Decoding the selectivity of intrinsically disordered region interactions
A substantial portion of the protein kingdom consists of intrinsically disordered regions (IDRs) that do not fold into well-defined 3D structures yet perform numerous biological functions and are associated with a broad range of diseases. It has been a long-standing enigma how different IDRs successfully execute their specific functions. Further putting a spotlight on IDRs are recent discoveries of functionally relevant biomolecular assemblies, which in many cases form through liquid-liquid phase separation. At the molecular level, the formation of these biomolecular assemblies is largely driven by weak, multivalent, but selective IDR-IDR interactions, which are distinct from the folding-upon-binding process that a number of IDRs are known to undergo while forming complexes with fixed stoichiometries. Deciphering the multivalent interaction behaviors of IDRs in the context of biomolecular assembly formation, especially their selectivity of interaction partners, is key to understanding IDR functions. Emerging experimental and computational studies have indicated that amino acid sequence-derived features of IDRs may encode molecular recognition between different IDRs. However, the currently available information is far from sufficient to build a comprehensive sequence-interaction-function paradigm for IDRs. It remains completely elusive how the interaction selectivity of an IDR is encoded in its sequence and how the selectivity impacts the cellular functions of IDRs.

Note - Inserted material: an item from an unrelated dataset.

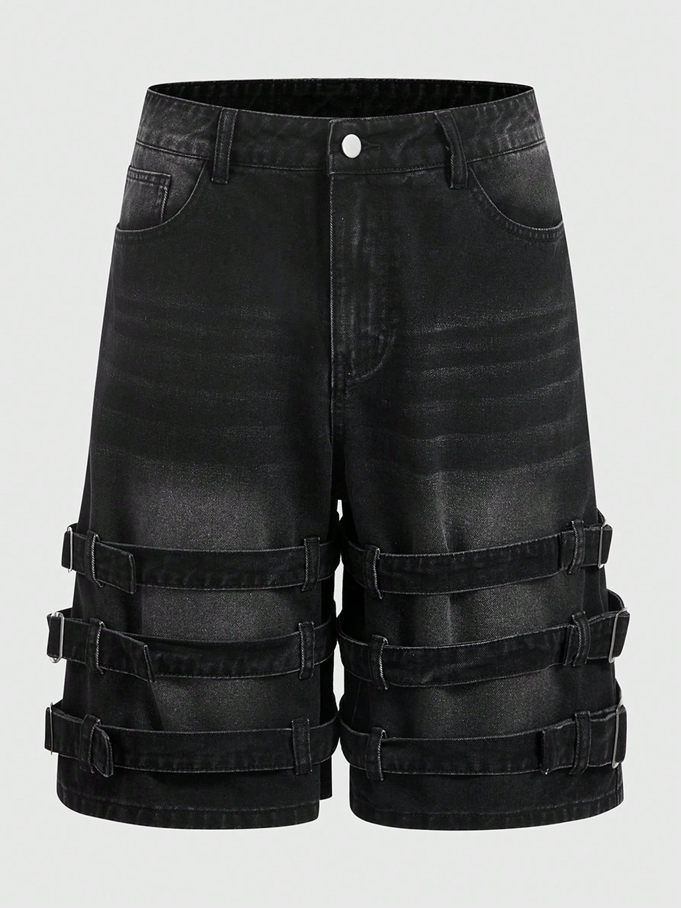 Street Life Shorts en jean amples et décontractés avec poches et multi-sangles pour hommes
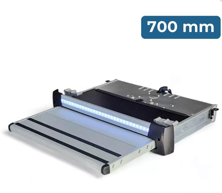Karavan girişlerinde maksimum genişlik, otomatik konfor ve LED güvenliği sunan eloksallı alüminyum basamak.

Figure adapted from Chong et al. (2021), J. Mol. Biol. 433, 166724
We will probe the IDR sequence-function relationships in the context of mammalian transcriptional regulation using a combination of quantitative single-cell imaging, proteomic, and bioinformatic approaches. We aim to reveal the interaction selectivity of a host of different IDRs involved in transcription, identify sequence-derived features of IDRs that determine the selectivity, and understand the functional consequences of the selective interactions. The findings we make about transcription protein IDRs are likely applicable to IDRs that are involved in other cellular processes besides transcription. Our ultimate goal is to build a model that predicts the interaction partners of an IDR from its amino acid sequence and achieve de novo design of IDRs with any defined functions.